• Work request: Set down, unchanged, the line holding "这场撕逼战追溯到去年,是你都" and all lines that follow it to the end of the material, leaving pictures out.

• Data provided:
_ _ _
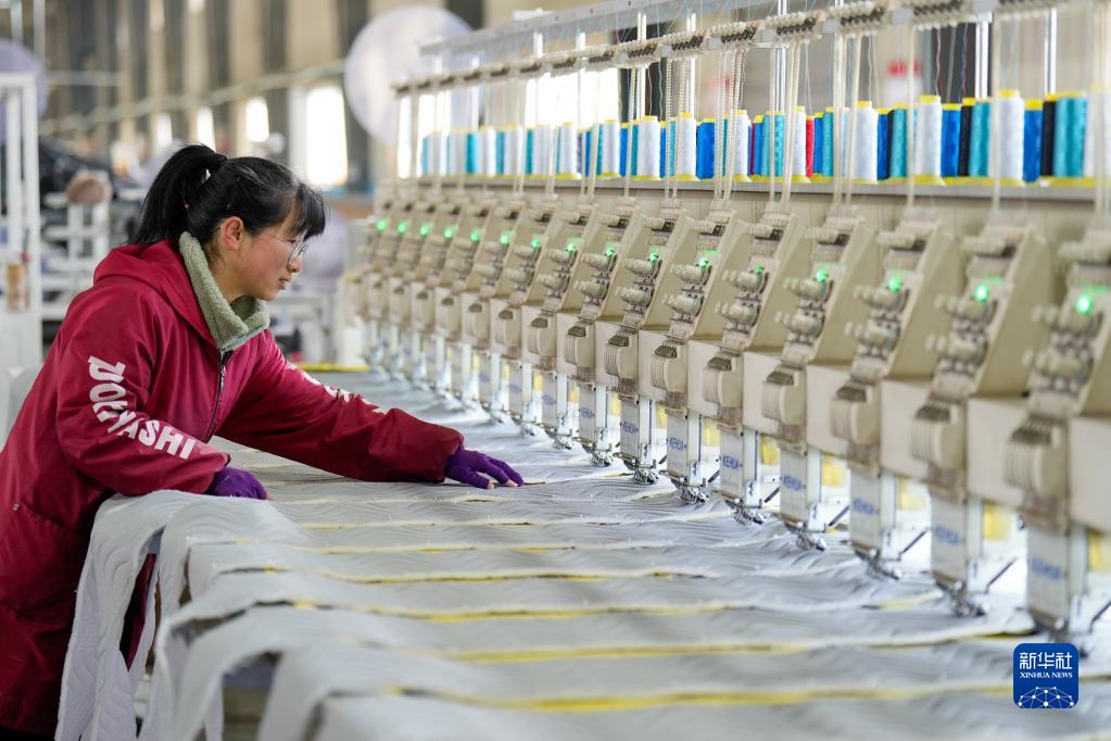 3月16日,河北省玉田縣窩洛沽鎮一家床墊制造企業(yè)的工人在生產(chǎn)線(xiàn)上工作。
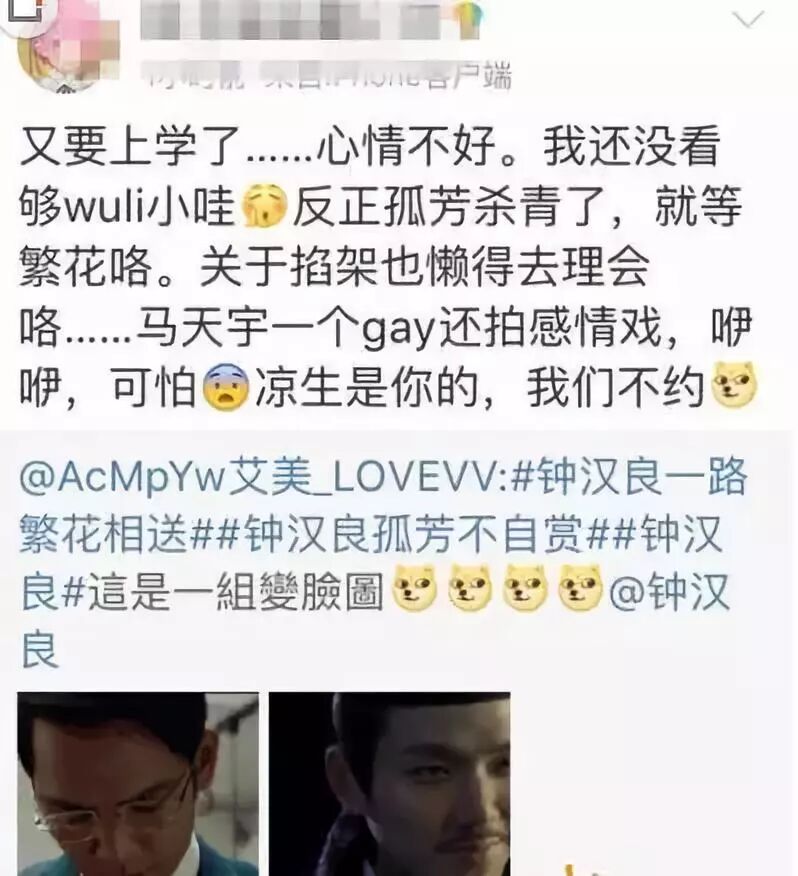这场撕逼战追溯到去年,是你都想象不到的恶毒!钟汉良粉丝当时把马天宇骂上热搜,“马天宇X菊花惨死”的讨论度高达28w。
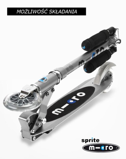 Самокат Micro Sprite можна дуже легко скласти - все за допомогою однієї кнопки. Крім того, складні ручки означають, що складений самокат займає дуже мало місця - ви можете легко сховати його в шафці в спортзалі або під стільцем на роботі чи в школі.
_ _ _
• Written solution:
这场撕逼战追溯到去年,是你都想象不到的恶毒!钟汉良粉丝当时把马天宇骂上热搜,“马天宇X菊花惨死”的讨论度高达28w。
 Самокат Micro Sprite можна дуже легко скласти - все за допомогою однієї кнопки. Крім того, складні ручки означають, що складений самокат займає дуже мало місця - ви можете легко сховати його в шафці в спортзалі або під стільцем на роботі чи в школі.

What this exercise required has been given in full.